As states built the new common core aligned assessments such as PARCC and Smarter Balanced, however, they stayed firmly within the traditional assessment box.  PARCC may have tried to build a bigger box and Smarter Balanced used adaptive technology to try to measure more precisely the types of things that you can assess well in that box.  However, neither program attempted anything close to the innovative assessment programs of the 1990s.

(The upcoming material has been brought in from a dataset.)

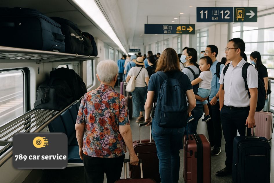 高鐵乘客排隊過關與行李放置於公共行李架,顯示公共交通方式的實際使用情況

That outcome was not a surprise in the current era of accountability, but it does evoke a sense of doing the same thing over and over again, but expecting different results.

End-of-year assessments such as PARCC and Smarter Balanced can and will do a better job at assessing skills such as problem solving and critical thinking than most state assessment administered in the NCLB era.  There is, however, a ceiling to what such assessments can do.  As reflected in the 2014 National Research Council report Developing Assessments for the Next Generation Science Standards the effective assessment of complex content standards such as the Common Core State Standards and the Next Generation Science Standards requires a fundamental change in our thinking about assessment, and requires a new kind of assessment program.

ESSA offers states some opportunity for flexibility and innovation in the design of their testing programs.  States may explore ways to incorporate results from interim assessment programs into an end-of-year performance level classification for students.  States may also propose innovative assessment designs for assessment systems to support their accountability systems.  Such efforts, however, will be limited by the constraints of accountability as well as the practical and technical challenges faced by the innovative assessment programs of the 1990s.  Without a true commitment to fundamental change, to accepting the messiness, and to providing the time and resources needed to build comprehensive, cohesive assessment systems across the school, district, and state levels, it is likely that the once-in-a-lifetime window of opportunity for assessment reform that Secretary Duncan described in 2009 and 2010 will close with only incremental improvement in the state of state assessment.

To end on a positive note, all hope is not lost.  Acknowledging the limitations of end-of-year, on-demand assessment, realizing that it has become unmanageable, and admitting that we are powerless over our addiction to it is the first step toward the solution.  There are pieces of a comprehensive system being built through solid work on formative assessment practices, the use of interim assessments, and through efforts to build and sustain educators’ assessment literacy.  The NRC Committee on Developing Assessments of Science Proficiency has provided a solid framework for moving forward.  The recently published NCME volume, Meeting the Challenges to Measurement in an Era of Accountability, addresses many of the technical challenges laid out in the 1990s and provides examples of performance-based assessment programs in a variety of content areas.  The pieces are there.  Will we pick them up and stop doing the same thing over and over again or are we condemned to repeat the errors of the past?